§ YOUR GOAL
Set down each line of the records once more, precisely, and omit the pictures.

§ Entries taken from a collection
▶

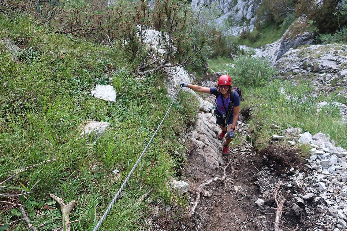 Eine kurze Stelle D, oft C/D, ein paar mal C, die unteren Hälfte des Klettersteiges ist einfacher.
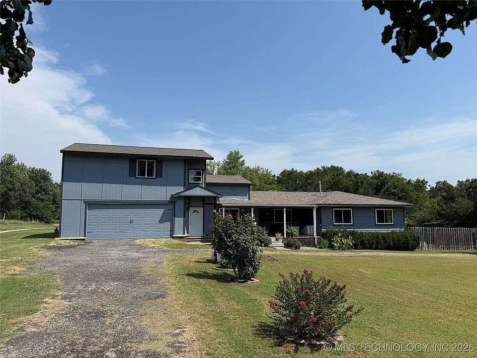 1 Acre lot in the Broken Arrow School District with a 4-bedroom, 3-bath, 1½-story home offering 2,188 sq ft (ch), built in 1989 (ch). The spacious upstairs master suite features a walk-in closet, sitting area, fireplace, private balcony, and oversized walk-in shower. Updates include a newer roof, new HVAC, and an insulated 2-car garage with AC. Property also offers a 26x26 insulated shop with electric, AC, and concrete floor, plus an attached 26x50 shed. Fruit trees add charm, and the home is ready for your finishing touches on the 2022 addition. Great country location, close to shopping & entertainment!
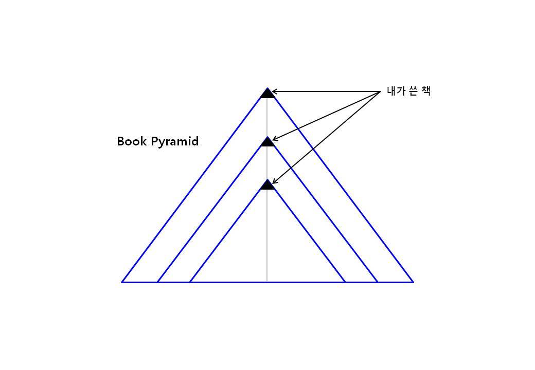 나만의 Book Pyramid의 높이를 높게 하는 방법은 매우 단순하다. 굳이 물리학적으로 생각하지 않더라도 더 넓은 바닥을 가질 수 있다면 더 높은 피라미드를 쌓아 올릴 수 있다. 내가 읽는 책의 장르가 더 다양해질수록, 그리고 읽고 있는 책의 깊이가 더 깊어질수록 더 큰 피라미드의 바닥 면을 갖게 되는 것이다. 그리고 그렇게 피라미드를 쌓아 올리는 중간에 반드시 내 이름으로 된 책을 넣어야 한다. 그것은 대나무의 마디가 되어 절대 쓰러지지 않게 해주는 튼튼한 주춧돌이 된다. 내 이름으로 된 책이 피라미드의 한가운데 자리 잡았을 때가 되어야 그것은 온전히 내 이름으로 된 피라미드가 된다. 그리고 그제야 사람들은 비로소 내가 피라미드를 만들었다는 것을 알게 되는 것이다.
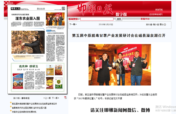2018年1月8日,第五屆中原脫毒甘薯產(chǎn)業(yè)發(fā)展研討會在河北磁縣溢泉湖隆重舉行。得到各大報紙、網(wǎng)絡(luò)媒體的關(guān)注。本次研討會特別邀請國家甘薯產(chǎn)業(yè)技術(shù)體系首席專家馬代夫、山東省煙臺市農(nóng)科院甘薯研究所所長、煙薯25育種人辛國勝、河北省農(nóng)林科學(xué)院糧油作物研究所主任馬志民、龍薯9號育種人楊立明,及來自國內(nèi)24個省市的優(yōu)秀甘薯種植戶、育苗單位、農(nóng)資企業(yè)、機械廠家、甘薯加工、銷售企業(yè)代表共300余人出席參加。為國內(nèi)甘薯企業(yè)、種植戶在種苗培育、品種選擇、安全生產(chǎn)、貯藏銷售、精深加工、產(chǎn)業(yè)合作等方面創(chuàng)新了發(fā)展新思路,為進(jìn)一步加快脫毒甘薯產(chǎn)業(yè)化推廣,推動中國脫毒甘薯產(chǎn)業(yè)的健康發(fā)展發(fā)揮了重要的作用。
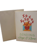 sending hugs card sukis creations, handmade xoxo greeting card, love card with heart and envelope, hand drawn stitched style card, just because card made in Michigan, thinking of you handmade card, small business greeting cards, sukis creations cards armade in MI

◀

§ COMPLETED EXERCISE
 Eine kurze Stelle D, oft C/D, ein paar mal C, die unteren Hälfte des Klettersteiges ist einfacher.
 1 Acre lot in the Broken Arrow School District with a 4-bedroom, 3-bath, 1½-story home offering 2,188 sq ft (ch), built in 1989 (ch). The spacious upstairs master suite features a walk-in closet, sitting area, fireplace, private balcony, and oversized walk-in shower. Updates include a newer roof, new HVAC, and an insulated 2-car garage with AC. Property also offers a 26x26 insulated shop with electric, AC, and concrete floor, plus an attached 26x50 shed. Fruit trees add charm, and the home is ready for your finishing touches on the 2022 addition. Great country location, close to shopping & entertainment!
 나만의 Book Pyramid의 높이를 높게 하는 방법은 매우 단순하다. 굳이 물리학적으로 생각하지 않더라도 더 넓은 바닥을 가질 수 있다면 더 높은 피라미드를 쌓아 올릴 수 있다. 내가 읽는 책의 장르가 더 다양해질수록, 그리고 읽고 있는 책의 깊이가 더 깊어질수록 더 큰 피라미드의 바닥 면을 갖게 되는 것이다. 그리고 그렇게 피라미드를 쌓아 올리는 중간에 반드시 내 이름으로 된 책을 넣어야 한다. 그것은 대나무의 마디가 되어 절대 쓰러지지 않게 해주는 튼튼한 주춧돌이 된다. 내 이름으로 된 책이 피라미드의 한가운데 자리 잡았을 때가 되어야 그것은 온전히 내 이름으로 된 피라미드가 된다. 그리고 그제야 사람들은 비로소 내가 피라미드를 만들었다는 것을 알게 되는 것이다.
2018年1月8日,第五屆中原脫毒甘薯產(chǎn)業(yè)發(fā)展研討會在河北磁縣溢泉湖隆重舉行。得到各大報紙、網(wǎng)絡(luò)媒體的關(guān)注。本次研討會特別邀請國家甘薯產(chǎn)業(yè)技術(shù)體系首席專家馬代夫、山東省煙臺市農(nóng)科院甘薯研究所所長、煙薯25育種人辛國勝、河北省農(nóng)林科學(xué)院糧油作物研究所主任馬志民、龍薯9號育種人楊立明,及來自國內(nèi)24個省市的優(yōu)秀甘薯種植戶、育苗單位、農(nóng)資企業(yè)、機械廠家、甘薯加工、銷售企業(yè)代表共300余人出席參加。為國內(nèi)甘薯企業(yè)、種植戶在種苗培育、品種選擇、安全生產(chǎn)、貯藏銷售、精深加工、產(chǎn)業(yè)合作等方面創(chuàng)新了發(fā)展新思路,為進(jìn)一步加快脫毒甘薯產(chǎn)業(yè)化推廣,推動中國脫毒甘薯產(chǎn)業(yè)的健康發(fā)展發(fā)揮了重要的作用。
 sending hugs card sukis creations, handmade xoxo greeting card, love card with heart and envelope, hand drawn stitched style card, just because card made in Michigan, thinking of you handmade card, small business greeting cards, sukis creations cards armade in MI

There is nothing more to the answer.